I have always been totally smitten with making outerwear. Back in 2014 when I first fell down the rabbit hole of indie patterns, I was obsessed with the Minoru Jacket and decided to tackle it as my first big sewing project in years. It was a challenge, to say the least, but I felt so good after it was complete. I was ready to sew anything! Jackets and coats do take more time and supplies than the average project, but in the end, you get to wear your make proudly and nobody will ever guess you made it. Making a jacket? That’s crazy, right? Yepp, crazy awesome.
After the Minoru I went on to make the Clare Coat, the Cascade Duffle Coat, the Kelly Anorak, and now the Ellsworth by Christine Haynes! I’ve got another Kelly on the way and have been working on a cute little Lupin jacket, too. My entry-way closet is getting full!! I really enjoy the process of constructing the outside layer, the lining, adding in little details, and then magically pulling it all together! If you have tried coat making yet, you should give it a go, and you should start with the Ellsworth!
Here are a few reasons why this pattern works so well for beginners (in my opinion).
- It has a slightly oversized fit, so there is little chance that the finished coat won’t fit or will be too tight in the back, bust, or arms.
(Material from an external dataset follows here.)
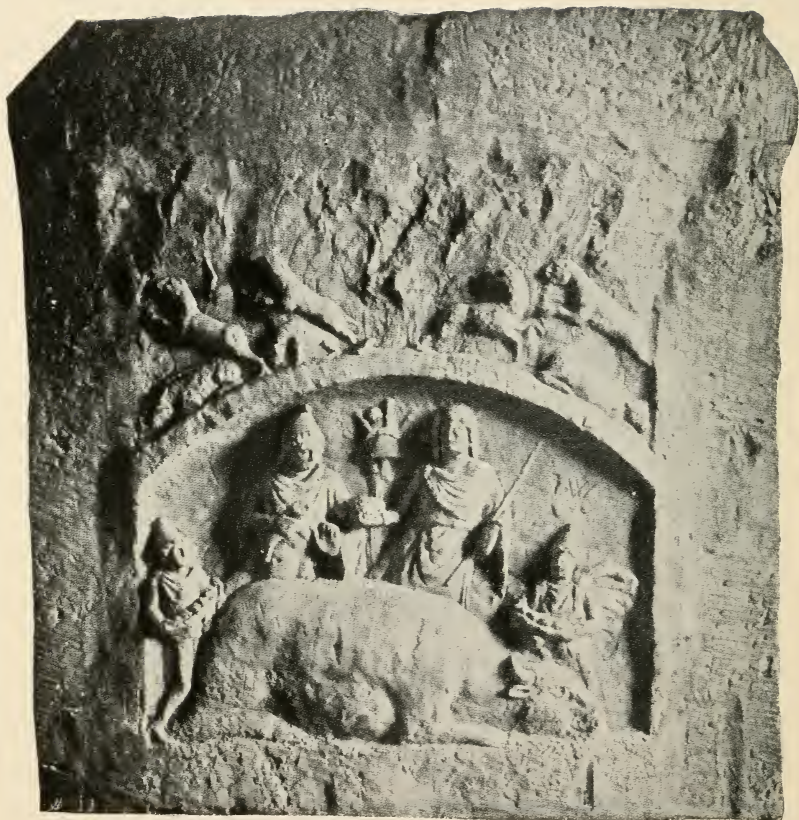
FRUCTIFICATION FOLLOWING UPON THE MITHRAIC SACRIFICE

- It is a classic style that will stand the test of time
- It can be made from a huge variety of fabrics, most of which press well and are easy to work with.
I went to Camp Workroom Social last year and It was so cool to see all the beautiful coats come out of the coat making class with Christine Haynes! I loved seeing all the different fabric choices and it really made me curious to try this pattern.
Because the coat fits large, I chose to size down. On the size chart, I was a 16, but based on the finished garment measurements, I made a 14. I’m glad I sized down and I did not need to make any adjustments in doing so. Normally, I would make a broad back adjustment and possibly a full bust adjustment, but neither were needed with the Ellsworth, even after sizing down.
Even though the Ellsworth has an oversized fit, it is very flattering and chic. The classic design works so well with any outfit, and there is plenty of room underneath for a sweater (pssst – the Blackwood works particularly well!). You can wear the Ellsworth with most of the buttons done up or with all of them done up, but I personally love how it looks open. I have been stomping down the street with my hands in the pockets, letting the front blow open.
I used a triple stitch to do the topstitching, but decided not to top stitch around the collar in the end. I like the way it looks as is so I am going to skip that final step.
I got several different button options to choose from and I received a lot of helpful advice on instagram (thanks)! The consensus was that these were the clear winner and I agree – they match the inner and outer fabrics perfectly. My only regret with this make is my stupid buttonholer was having a moment and went a bit wonky on me. As a result, my buttonholes are not very pretty, c’est la vie. 🙂
For the lining, I used a darker plum rayon bemburg. It is delightfully slippy inside and helps the coat to not get bunched up at all. I usually pick a bold, contrasting lining, but I just love the way these two shades of plum look together.
Are you considering making the Ellsworth? I would definitely recommend it as a great beginner coat!! Let me know if you have any questions about my version!